TASK INPUT ->
───

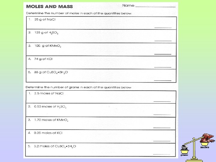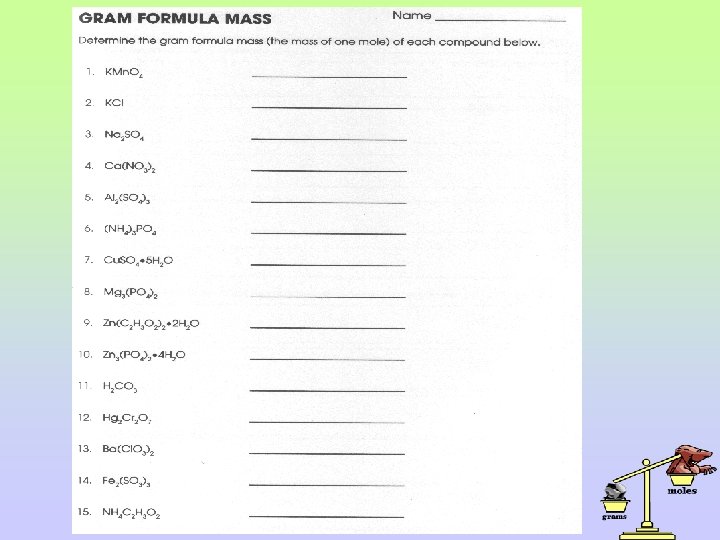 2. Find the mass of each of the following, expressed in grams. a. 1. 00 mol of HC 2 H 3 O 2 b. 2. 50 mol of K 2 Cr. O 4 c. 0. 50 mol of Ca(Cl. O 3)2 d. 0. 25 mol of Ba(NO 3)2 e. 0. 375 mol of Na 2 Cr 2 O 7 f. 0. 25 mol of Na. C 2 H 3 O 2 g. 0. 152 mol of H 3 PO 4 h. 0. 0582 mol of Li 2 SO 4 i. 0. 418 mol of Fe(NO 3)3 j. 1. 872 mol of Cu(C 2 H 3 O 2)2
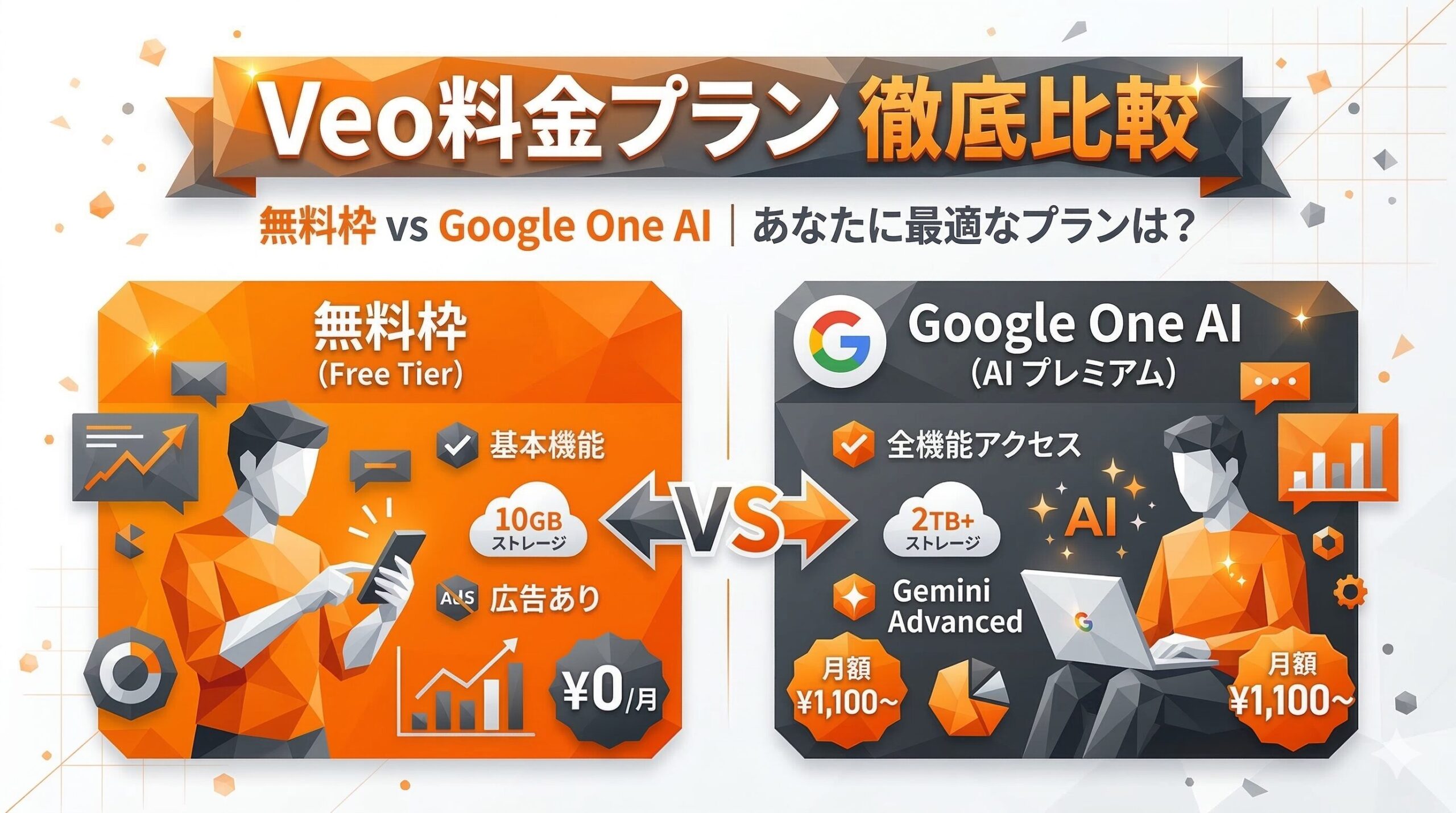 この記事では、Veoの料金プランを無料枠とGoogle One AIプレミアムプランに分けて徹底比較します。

───

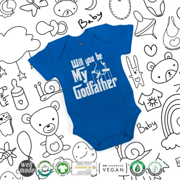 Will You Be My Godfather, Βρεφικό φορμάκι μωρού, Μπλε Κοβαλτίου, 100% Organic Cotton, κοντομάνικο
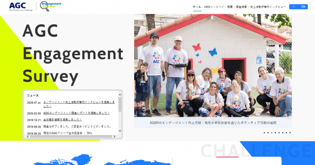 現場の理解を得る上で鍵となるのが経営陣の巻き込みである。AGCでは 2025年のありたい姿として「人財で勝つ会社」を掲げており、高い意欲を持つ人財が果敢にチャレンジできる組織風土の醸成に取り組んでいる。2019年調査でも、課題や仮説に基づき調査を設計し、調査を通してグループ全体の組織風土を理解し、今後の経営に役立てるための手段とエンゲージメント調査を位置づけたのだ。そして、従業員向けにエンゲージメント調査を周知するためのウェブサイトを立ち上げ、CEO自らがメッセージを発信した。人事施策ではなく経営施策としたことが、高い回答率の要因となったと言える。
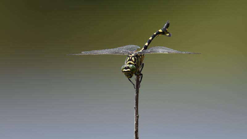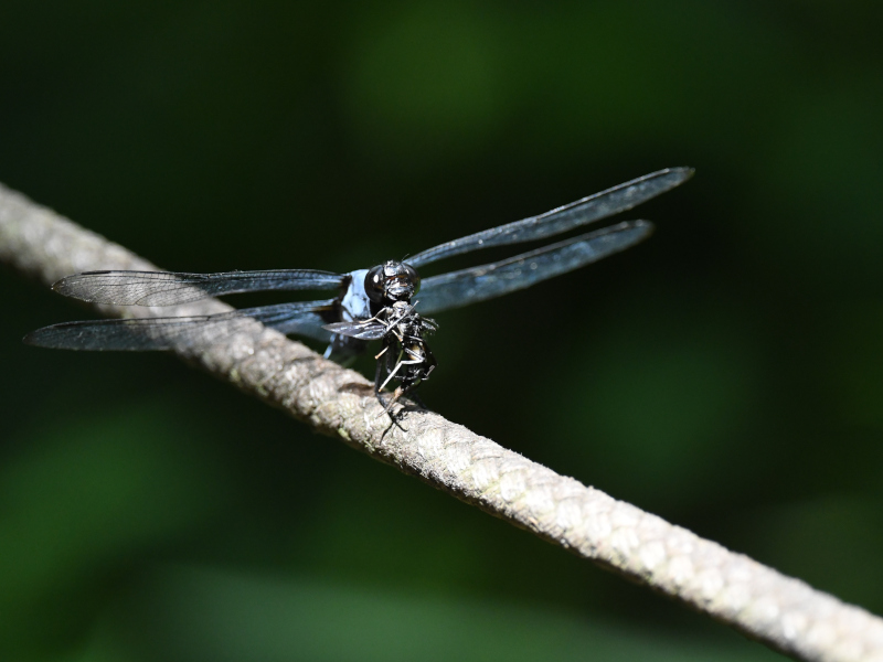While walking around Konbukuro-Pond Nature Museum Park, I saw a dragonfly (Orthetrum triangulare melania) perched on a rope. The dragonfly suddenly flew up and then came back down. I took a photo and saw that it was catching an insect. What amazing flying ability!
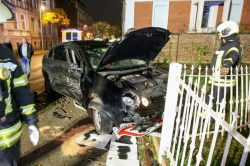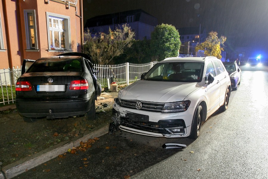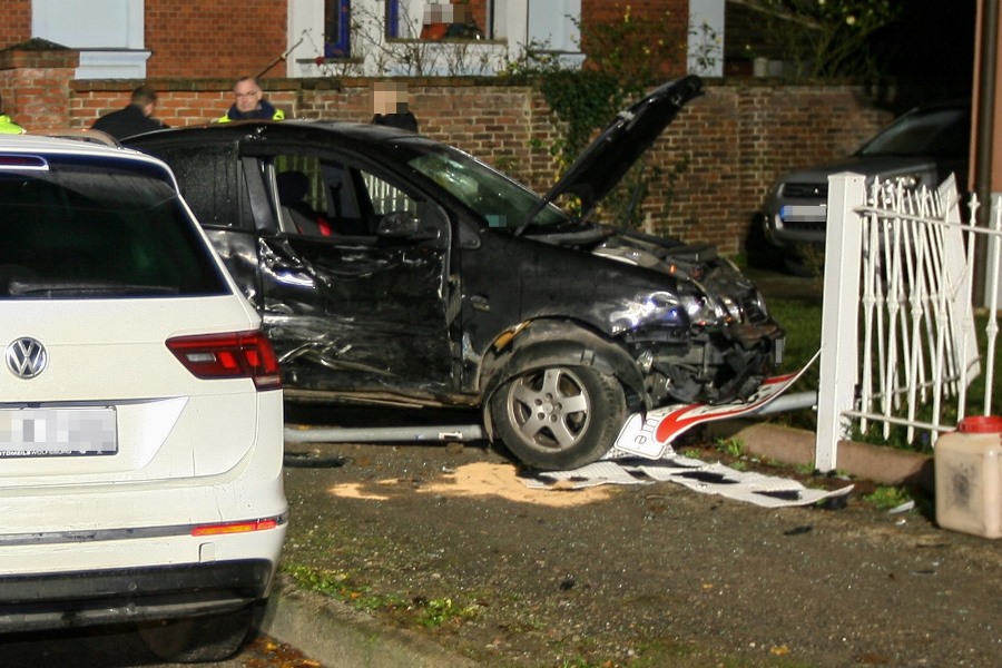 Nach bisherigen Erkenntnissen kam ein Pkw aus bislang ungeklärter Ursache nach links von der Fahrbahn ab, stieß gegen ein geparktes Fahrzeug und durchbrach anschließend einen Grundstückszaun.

───

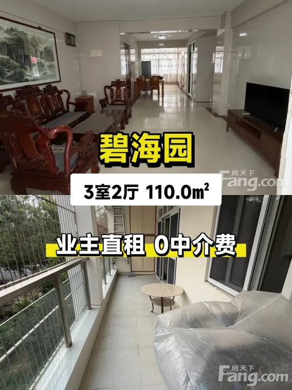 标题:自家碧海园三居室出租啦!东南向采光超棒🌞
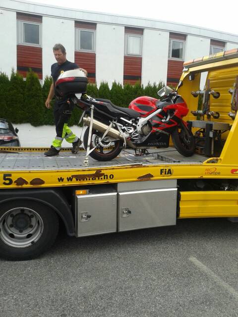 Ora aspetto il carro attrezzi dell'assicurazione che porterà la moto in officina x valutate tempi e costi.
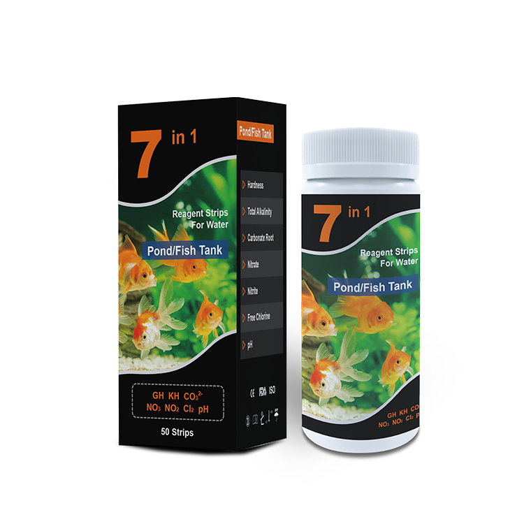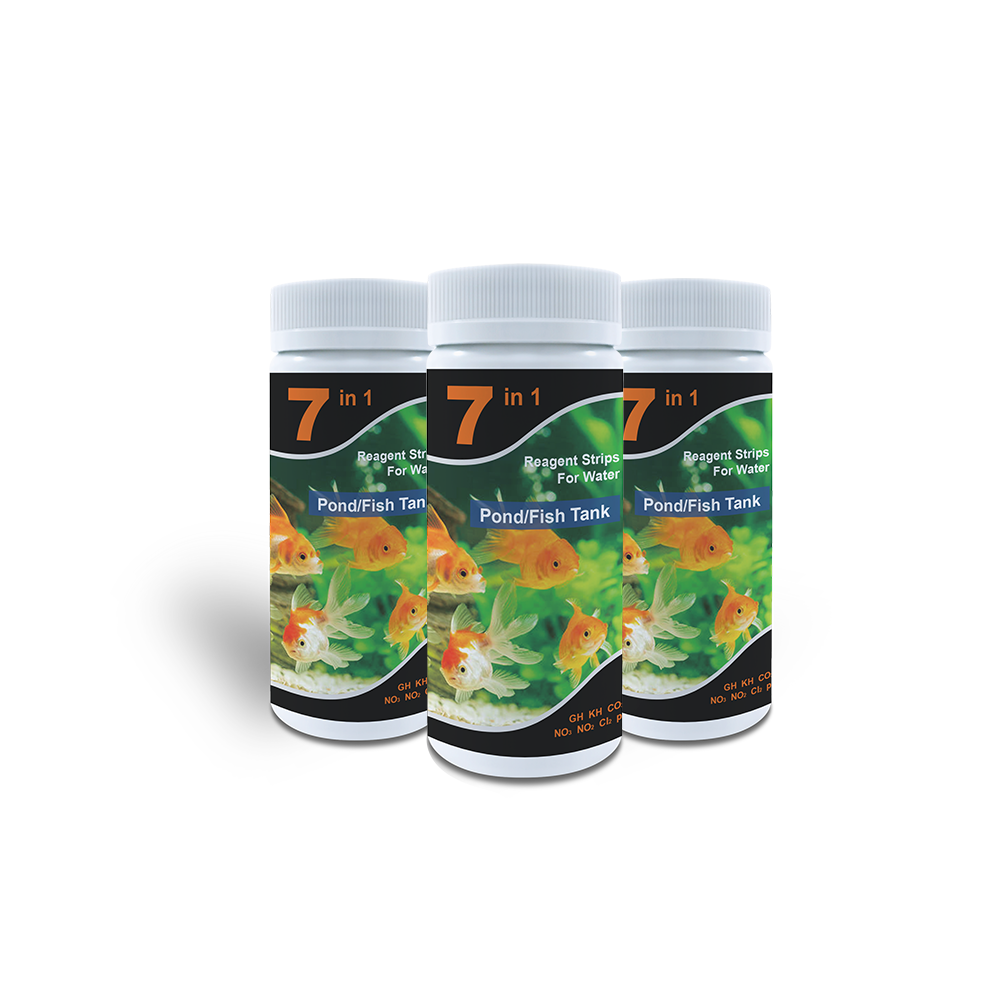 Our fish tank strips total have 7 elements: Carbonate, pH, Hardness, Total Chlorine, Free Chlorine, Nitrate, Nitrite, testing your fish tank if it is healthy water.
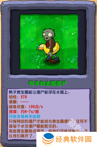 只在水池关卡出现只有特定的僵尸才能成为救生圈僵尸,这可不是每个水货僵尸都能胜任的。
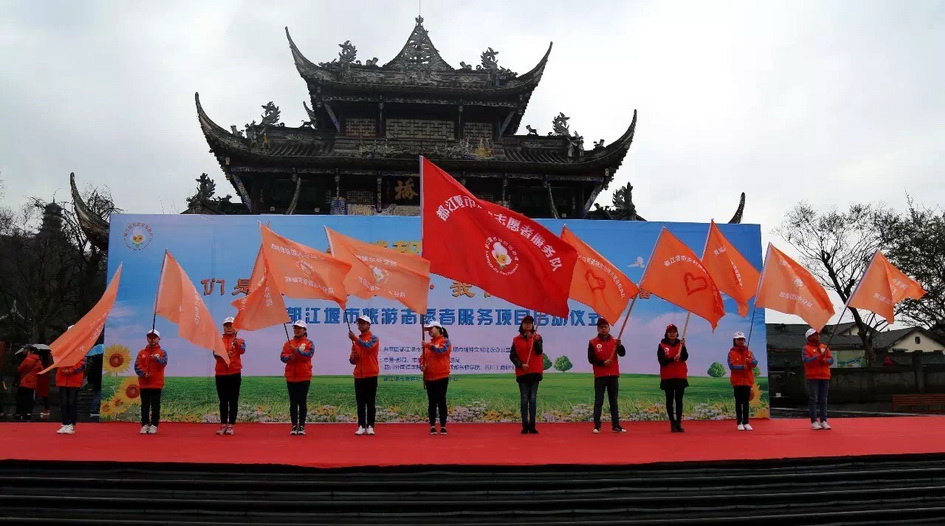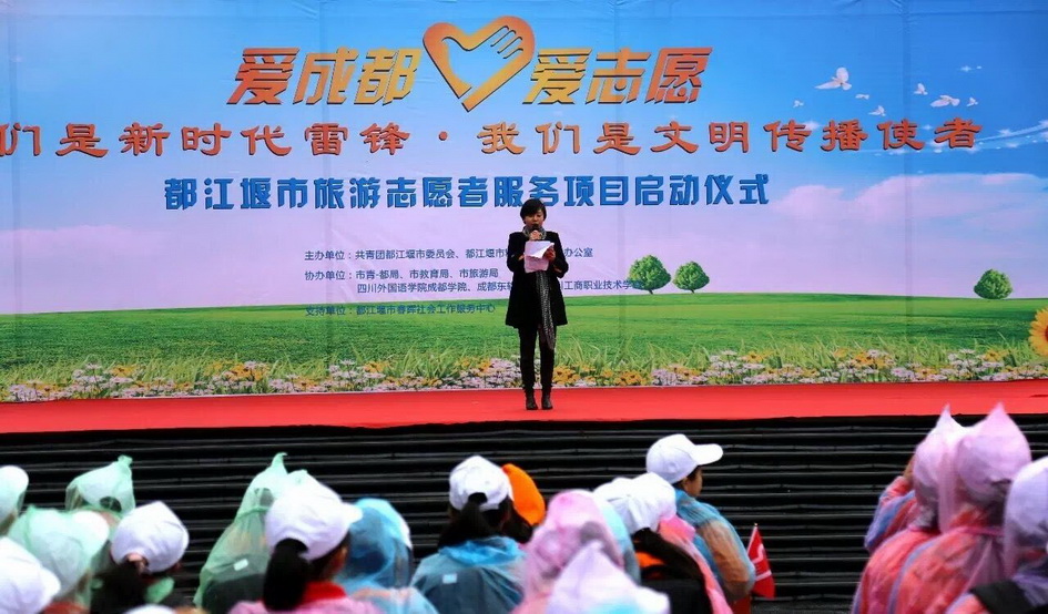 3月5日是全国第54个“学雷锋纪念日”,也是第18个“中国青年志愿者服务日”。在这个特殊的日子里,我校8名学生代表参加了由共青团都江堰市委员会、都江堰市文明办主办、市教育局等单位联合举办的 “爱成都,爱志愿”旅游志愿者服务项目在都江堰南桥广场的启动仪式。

───

THE TASK -> The answer must be the lines above from the one containing "While walking around" through the one containing "Nach bisherigen Erkenntnissen", reproduced exactly, with no pictures and nothing else.

EXERCISE RESULT ->
While walking around Konbukuro-Pond Nature Museum Park, I saw a dragonfly (Orthetrum triangulare melania) perched on a rope. The dragonfly suddenly flew up and then came back down. I took a photo and saw that it was catching an insect. What amazing flying ability!
 Nach bisherigen Erkenntnissen kam ein Pkw aus bislang ungeklärter Ursache nach links von der Fahrbahn ab, stieß gegen ein geparktes Fahrzeug und durchbrach anschließend einen Grundstückszaun.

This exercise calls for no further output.